The team kills Salim, enraging Baba Sikander. They later ambush Baba Sikander's guesthouse, where he is supposed to be having a meeting with his business partners. But it is a trap. A gunfight ensues with Karan's team trapped in the house. Arjun sacrifices his life to allow the others to escape. After Arjun's death, Karan tries to disown the rest of the team and continue the quest alone to avoid endangering them, but they all insist on avenging Arjun's death.

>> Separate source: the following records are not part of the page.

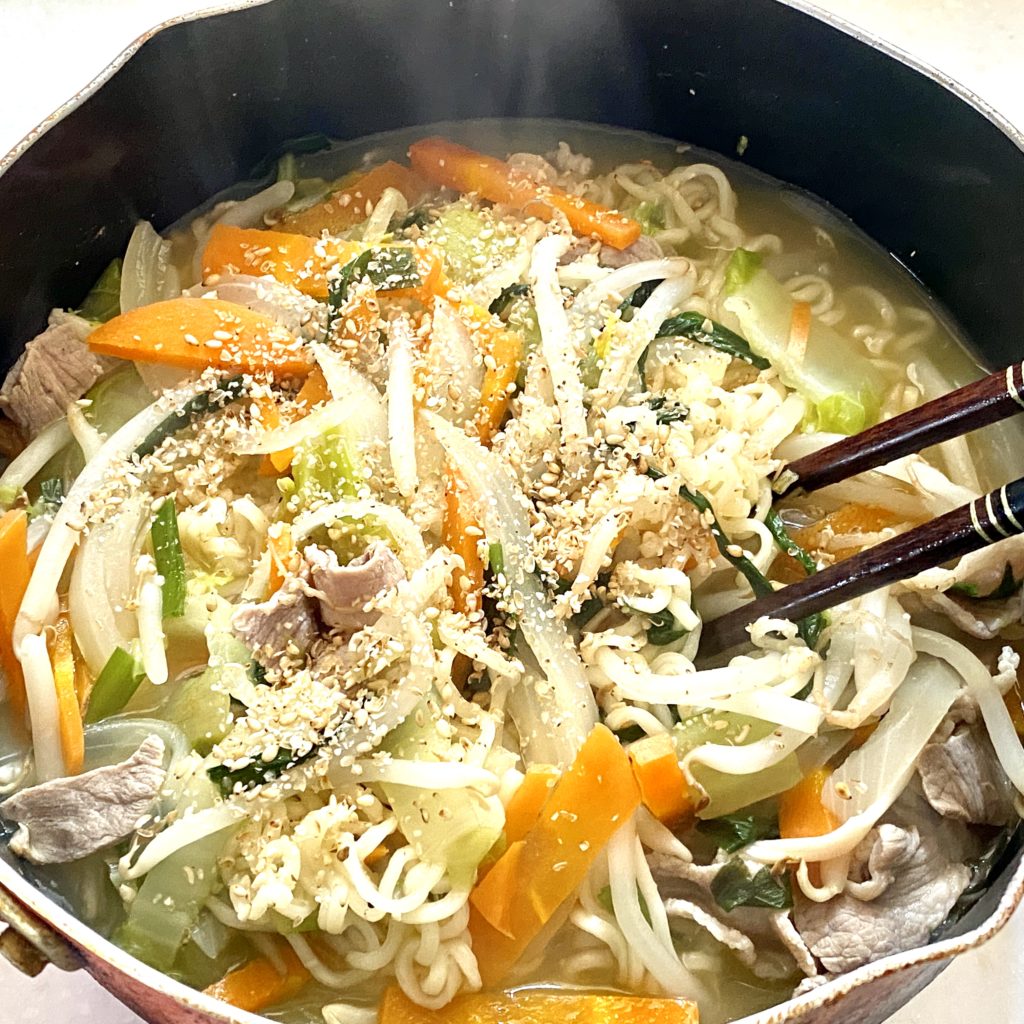 好物のサッポロ一番塩ラーメン。 セロリ、ニンジン、タマネギ、ニラ、モヤシ、白菜...
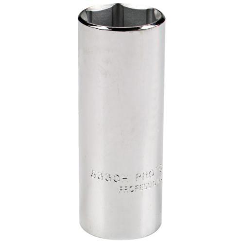 Proto TorquePlus Socket, Deep Length, No Impact Rated, Measurement System: Imperial, Square Drive, 1/2 in Drive, 9/16 in Socket, 3-1/4 in Overall Length, 15/16 in Opening Depth, 27/32 in Drive End Width, 13/16 in Socket End Width, Ball Locking, 6 Points, 2-39/64 in Bolt Clearance Depth, Alloy Steel, Full Polished
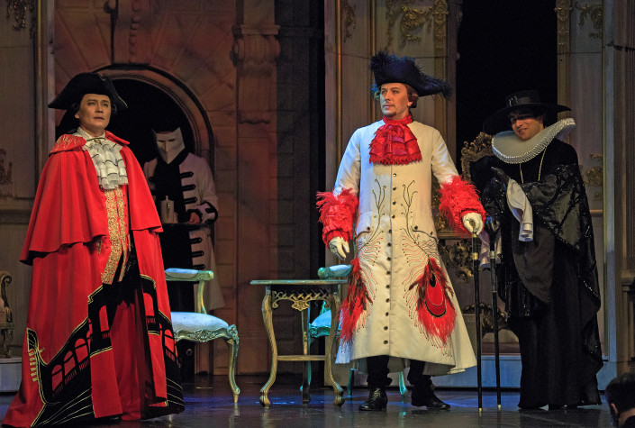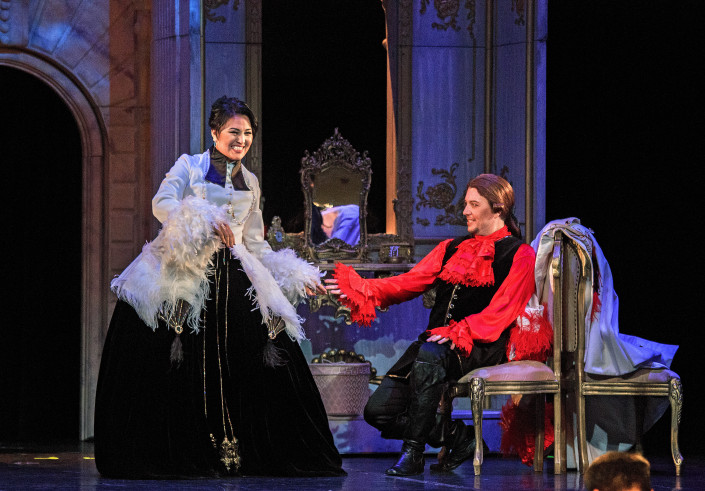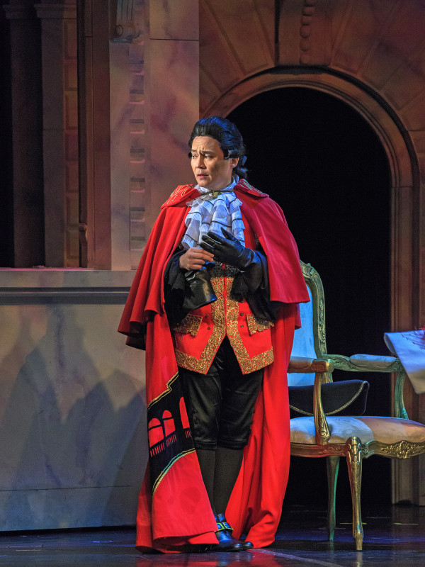 Высокий красавец Евгений Чайников в белоснежном камзоле, украшенном перьями и затейливой вышивкой - самовлюбленный дамский угодник Бланзак, который в итоге легко утешился заменой несостоявшейся невесты Джулии на влюбленную в него Лючиллу. Внешняя импозантность вкупе с сочным басом и отличной игрой сделали образ его героя запоминающимся.
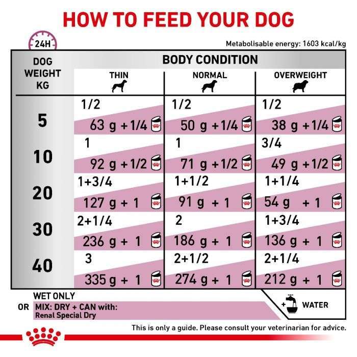Attracting your dog to their food bowl can be challenging in cases of food aversion, so to cater to each dog’s individual preferences, Royal Canin Renal Special Wet Dog Food (in Loaf) is also available as dry food. Texture variety can help to stimulate your dog’s appetite and account for any fluctuations in their preferences. If your dog enjoys a mixed diet of wet and dry food, be sure to reference the on-pack feeding guides to ensure a healthy daily food intake for your dog.
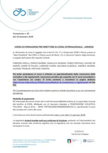 In riferimento al corso in oggetto che si terrà il 16, 17 e 18 gennaio 2026 a Roma, presso la “Sala Presidenti” del CONI, in Piazza Lauro de Bosis, 15, si comunica l’elenco degli ammessi, a seguito dell’esame dei requisiti richiesti:
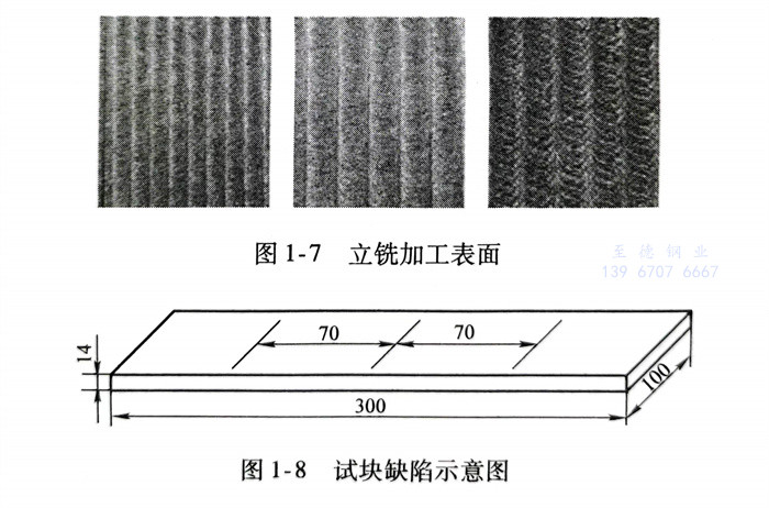 采用Q235碳素結(jie)構鋼制作試(shi)塊(kuai),試(shi)塊(kuai)尺(chi)寸長300mm、寬(kuan)100mm、厚14mm。首先(xian),將三塊(kuai)試(shi)塊(kuai)表(biao)(biao)(biao)面利用飛刀(dao)進(jin)行銑削加工,如圖1-6所(suo)(suo)示,其(qi)表(biao)(biao)(biao)面粗糙(cao)(cao)度(du)值從左到右依次為Ra3.2μm、Ra6.3μm、Ra12.5μm,編(bian)(bian)號(hao)(hao)1、2、3。然(ran)后,利用立銑加工另(ling)外三塊(kuai)試(shi)塊(kuai)表(biao)(biao)(biao)面,如圖1-7所(suo)(suo)示,其(qi)表(biao)(biao)(biao)面粗糙(cao)(cao)度(du)值從左到右依次為 Ra3.2μm、Ra6.3μm、Ra12.5μm,編(bian)(bian)號(hao)(hao)4、5、6。另(ling)外,再(zai)采用平磨加工一塊(kuai)試(shi)塊(kuai)表(biao)(biao)(biao)面,此(ci)種(zhong)方式獲得的(de)表(biao)(biao)(biao)面質量較(jiao)好,其(qi)表(biao)(biao)(biao)面粗糙(cao)(cao)度(du)值為Ra0.2μm,編(bian)(bian)號(hao)(hao)7。所(suo)(suo)有(you)試(shi)塊(kuai)表(biao)(biao)(biao)面均刻有(you)一組寬(kuan)度(du)為20μm,深度(du)不同(tong)的(de)人工線狀缺陷(xian),尺(chi)寸如圖1-8所(suo)(suo)示,從左到右深度(du)依次為20μm、45μm、70μm,相鄰缺陷(xian)的(de)間距為70mm。
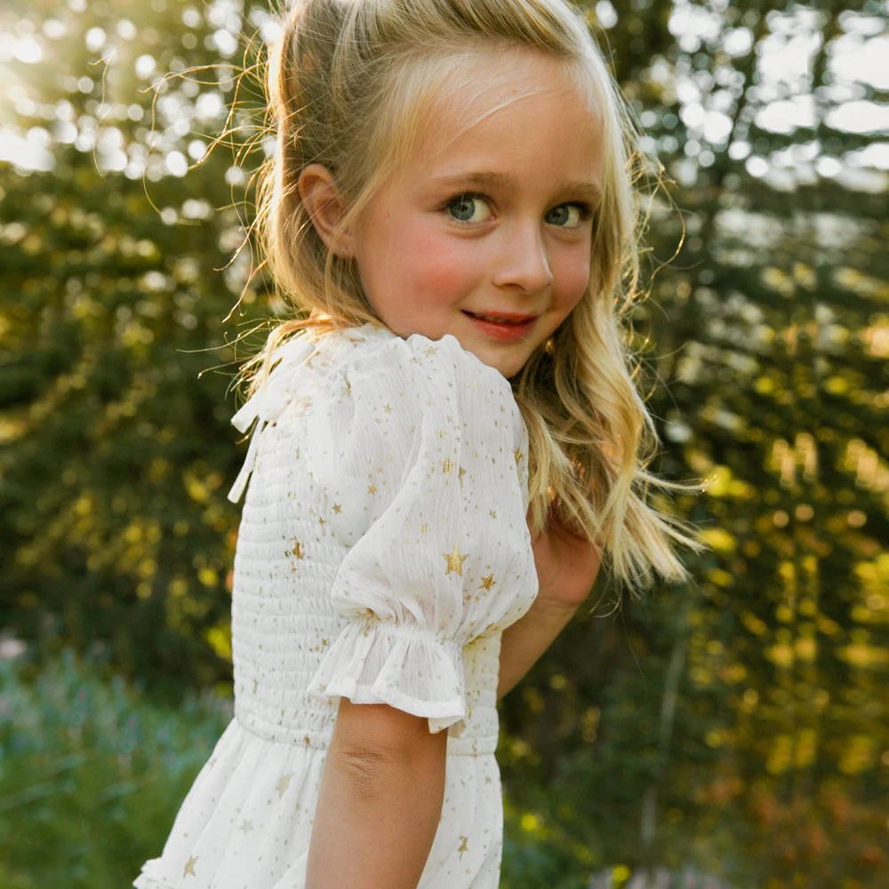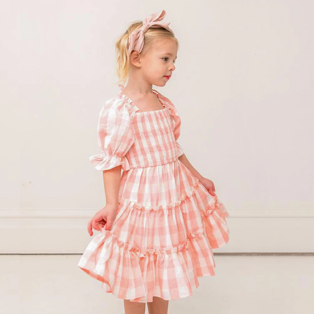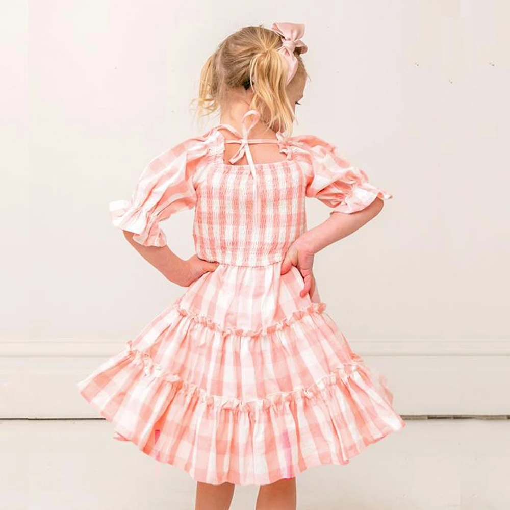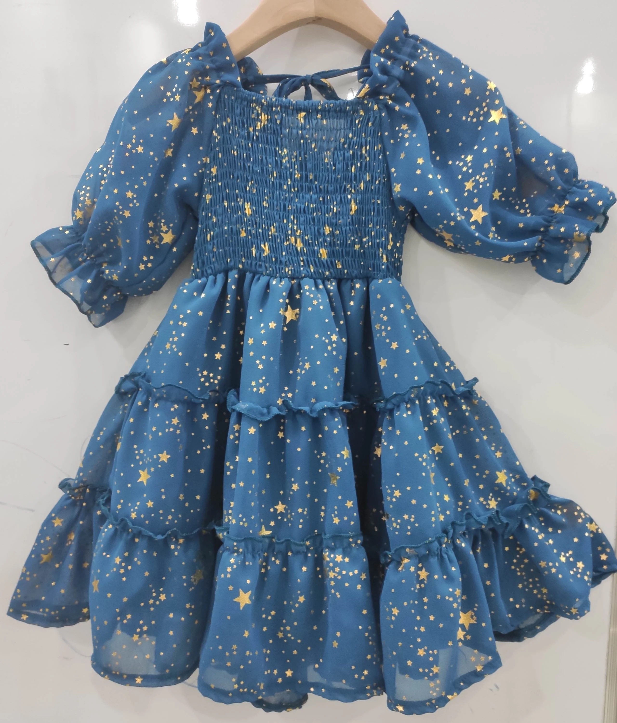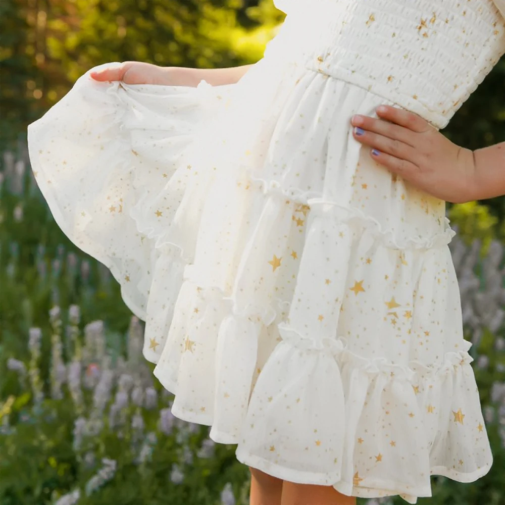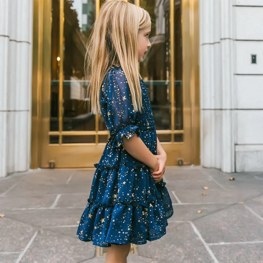 Летнее платье для девочек с блестками и оборками, одежда с коротким рукавом для детей, новый модный шифоновый костюм принцессы для вечеринки
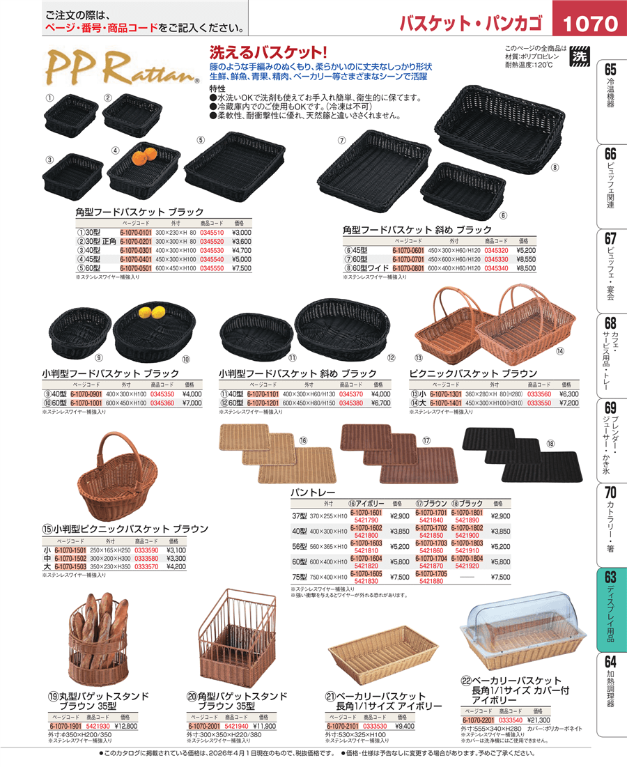 | e26-0345360 | PPラタン 小判型フードバスケット 60型 ブラック VB-940-BK | 上代 7,000円(税抜) 見積
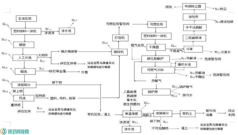 環(huán)境局網(wǎng)站上的公開(kāi)資料顯示,這座生活垃圾處理項(xiàng)目位于西烏珠穆沁旗巴拉嘎?tīng)柛呃真?zhèn)西南側(cè)5.5km處,原計(jì)劃采用熱解工藝,主要建設(shè)一座“生活垃圾資源化處理廠及其附屬設(shè)施工程,購(gòu)置生活垃圾處理設(shè)備”,建成后可日處理生活垃圾200噸,主要產(chǎn)品為碳化裂解爐熱解產(chǎn)生的熱解氣467.2萬(wàn)m3/a和生活垃圾有機(jī)土(常溫)32850t/a。項(xiàng)目總投資6860萬(wàn)元,資金來(lái)源為地方債券和上級(jí)專項(xiàng)資金。其中,環(huán)保投資398萬(wàn)元,占總投資的5.80%。計(jì)劃于2020年8月開(kāi)建,2021年12月投產(chǎn)。但至今,項(xiàng)目也只是進(jìn)行了場(chǎng)地平整,尚未建設(shè)投產(chǎn)。關(guān)于變更生活垃圾處理工藝的原因,環(huán)評(píng)文件表示,這是根據(jù)“EPC承包單位多年運(yùn)行經(jīng)驗(yàn)及項(xiàng)目區(qū)域生活垃圾成分復(fù)雜、水分含量高等特點(diǎn),高溫?zé)峤夤に嚿袩o(wú)法有效處理當(dāng)?shù)厣罾饕w現(xiàn)在熱解爐運(yùn)行不穩(wěn)定、排渣不順暢、產(chǎn)生的可燃?xì)怏w成分復(fù)雜、難以有效利用”。因此,建設(shè)單位根據(jù)需求及同類型企業(yè)實(shí)際生產(chǎn)情況,擬將原有生活垃圾熱解工藝變更為生活垃圾焚燒工藝并配套汽輪發(fā)電機(jī)組。變更后,項(xiàng)目將配置1臺(tái)200t/d機(jī)械爐排爐+1臺(tái)14t/h中溫低壓(400℃,2.5MPa)余熱鍋爐+1臺(tái)額定1.2MW的凝汽式汽輪機(jī)+1臺(tái)1.2MW發(fā)電機(jī),年運(yùn)行時(shí)間8000小時(shí),年平均發(fā)電量960×10^4kWh/a,所發(fā)電量全部用于廠內(nèi)自用。項(xiàng)目總投資仍為6860萬(wàn)元,但環(huán)保投資增至872.05萬(wàn)元,占總投資的12.71%。從2020年至今,時(shí)隔4年依舊未動(dòng)工,最終卻由EPC承包單位指出工藝不可行,那這個(gè)胎死腹中的“高溫?zé)峤狻表?xiàng)目究竟是一個(gè)什么樣的處理流程呢?環(huán)評(píng)文件顯示,變更之前,項(xiàng)目生活垃圾綜合利用處理系統(tǒng)由生活垃圾收運(yùn)系統(tǒng)、生活垃圾分選系統(tǒng)、可燃垃圾熱解系統(tǒng)和有機(jī)質(zhì)堆肥發(fā)酵系統(tǒng)四部分組成。其中的垃圾收運(yùn)、垃圾分選和垃圾堆肥基本沒(méi)什么好說(shuō),我們忽略,重點(diǎn)看垃圾熱解這個(gè)核心工藝。環(huán)評(píng)報(bào)告顯示,項(xiàng)目原計(jì)劃配置一臺(tái)碳化裂解爐,該碳化裂解爐可實(shí)現(xiàn)對(duì)含水量不超過(guò)30%、規(guī)格在50-100mm之間的物料進(jìn)行熱解氣化。生活垃圾碳化裂解系統(tǒng)主要包括:干燥脫水系統(tǒng)、碳化裂解系統(tǒng)、出料系統(tǒng)、熱解氣凈化和管網(wǎng)系統(tǒng),其中干燥脫水系統(tǒng)包括:干燥器上料機(jī)、干燥器、干物料儲(chǔ)倉(cāng)等;碳化裂解系統(tǒng)包括:提斗式上料機(jī)、爐頂儲(chǔ)倉(cāng)、密封裝置、螺旋進(jìn)料裝置、高溫密封裝置、反應(yīng)釜、爐體加熱裝置、爐內(nèi)攪拌裝置、攪拌高溫密封裝置、攪拌動(dòng)力裝置、爐內(nèi)余熱回收裝置等;出料系統(tǒng)包括:出料螺旋裝置、出料高溫密封裝置、熱解渣集中出料裝置、熱解氣出氣裝置等;熱解氣凈化和管網(wǎng)系統(tǒng)包括:熱解氣除塵裝置、熱解氣冷卻裝置、真空裝置、水氣分離裝置、木醋液與裂解油分離裝置等。根據(jù)廠家前期測(cè)試數(shù)據(jù),一噸可燃垃圾可產(chǎn)氣200m3,產(chǎn)渣30kg,產(chǎn)木醋液40kg,產(chǎn)焦油2kg,垃圾熱解率為3%。本裝置將物料一次性或連續(xù)性加入反應(yīng)釜內(nèi)進(jìn)行熱解氣化,生成可燃?xì)怏w為混合氣體,主要含有一氧化碳、氫氣、甲烷等。在反應(yīng)釜內(nèi)由上向下通過(guò)羅茨鼓風(fēng)機(jī)將氣體輸送至管網(wǎng)。鑒于生物質(zhì)氣所含的主要雜質(zhì)是焦油和灰塵,本項(xiàng)目采用“旋風(fēng)除塵器”、“熱交換器”、“氣液分離器”等對(duì)熱解氣進(jìn)行凈化處理,除掉灰塵和焦油等物質(zhì)。基本生產(chǎn)流程是:可燃垃圾→干燥脫水→碳化裂解→旋風(fēng)除塵→冷卻→氣液分離→阻火→管網(wǎng)→阻火→供氣。熱解產(chǎn)生的熱解氣中約1/3直接用作碳化裂解爐作燃料,剩余約2/3通過(guò)地下輸配系統(tǒng)輸送到各用氣設(shè)備,多余燃?xì)膺M(jìn)入火炬燃燒系統(tǒng)。變更前項(xiàng)目生活垃圾處理工程工藝流程如圖1。自從2022年12月,國(guó)家發(fā)改委、住建部、生態(tài)環(huán)境部等五部委聯(lián)合印發(fā)《關(guān)于加強(qiáng)縣級(jí)地區(qū)生活垃圾焚燒處理設(shè)施建設(shè)的指導(dǎo)意見(jiàn)》,明確要求“以中西部和東北地區(qū)、邊境地區(qū)為重點(diǎn),選取人口密度較低、垃圾產(chǎn)生量較少的部分縣級(jí)地區(qū)積極開(kāi)展小型焚燒試點(diǎn)”之后,國(guó)內(nèi)一度出現(xiàn)一股使用熱解工藝的“小型垃圾焚燒項(xiàng)目”,但對(duì)此工藝的爭(zhēng)議卻一直頗多,焦點(diǎn)就在于熱解到底是否適于處理生活垃圾?熱解,作為一個(gè)誕生于19世紀(jì)的技術(shù),最初是用于煤化工,缺乏油氣資源的德國(guó)人采用熱解工藝處理煤炭,獲取燃油、燃?xì)獾犬a(chǎn)品。后來(lái),人們?cè)谔幚韽U舊塑料、廢輪胎等橡膠制品、醫(yī)療廢物及農(nóng)林生物質(zhì)等固廢時(shí),也采

They discover Baba Sikander's location - a German town near the French border. Based on their previous knowledge of Sikander's network, they assume he will go to a nearby hotel for a meeting. As Germany has no extradition treaty with India, but France does, they plan to divert Sikander's car, to make him drive through French territory, where Interpol would await him. But Sikander realises the plan and does not enter France. Karan's team then ambushes Sikander's convoy, killing his bodyguards. They drag him across the French border and Interpol arrests him.

Baba Sikander is later extradited to India. Karan is hailed as a national hero. Anjali reconciles with him. He marries Priya and they adopt Arjun's daughter.

==Cast==
- Mithun Chakraborty as Baba Sikander
- Rahul Khanna as Karan Singh
- John Abraham as Abhimanyu Singh
- Arjun Rampal as Arjun Srivastav
- Ameesha Patel as Priya Desai
- Lara Dutta as Sonia Singh
- Milind Gunaji as Aftab
- Chunky Pandey as Sadela Salim
- Asrani as Kishorilal
- Avtar Gill as Farid Chacha
- Prithvi Zutshi as Kantilal Shah's employee
- Ritu Shivpuri as Anjali Shah
- Madan Joshi as Kantilal Shah
- Swini Khara as Ayesha Srivastav: Arjun's daughter

==Soundtrack==

| No. | Title | Playback | Length |
|---|---|---|---|
| 1. | "Anderlu Menderlu" | Anu Malik, Sonu Nigam, Sunidhi Chauhan, Shreya Ghoshal |  |
| 2. | "Anderlu Manderlu" (Remix) | Anu Malik, Sonu Nigam, Sunidhi Chauhan, Shreya Ghoshal |  |
| 3. | "Bechain Mera Dil" | Alka Yagnik, Udit Narayan |  |
| 4. | "Dil Mein Hulchul" | Sunidhi Chauhan, K.K., Kunal Ganjawala |  |
| 5. | "Dua Karna" | Sunidhi Chauhan |  |
| 6. | "Meri Zindagi Mein" | Gayatri Ganjawala |  |

==Critical response==
Namrata Joshi of Outlook India gave the film 1 out of 5 stars, writing: "So terribly infantile and hackneyed that it seems to have been deliberately manufactured for a kindergarten audience." Jaspreet Pandohar of BBC.com gave the film 2 out of 5 stars, writing: "Sadly, the ending is as obvious as the love story sub-plots, and you never really fear the wrath of Sikander, played by 80s Bollywood disco king Chakraborty (India's answer to John Travolta post his Saturday Night Fever heyday). Even Bhatt's execution of Matrix-style action scenes and overuse of hapless goons is predictable. What could have been a stylish vendetta flick turns out to be 'time pass' - Indian slang for average." Merril Diniz of Rediff.com wrote: "If you're a die-hard John Abraham fan, then go ahead and watch the film because he looks like a million bucks and delivers a good performance. But there's not much else to hold your interest for three whole hours."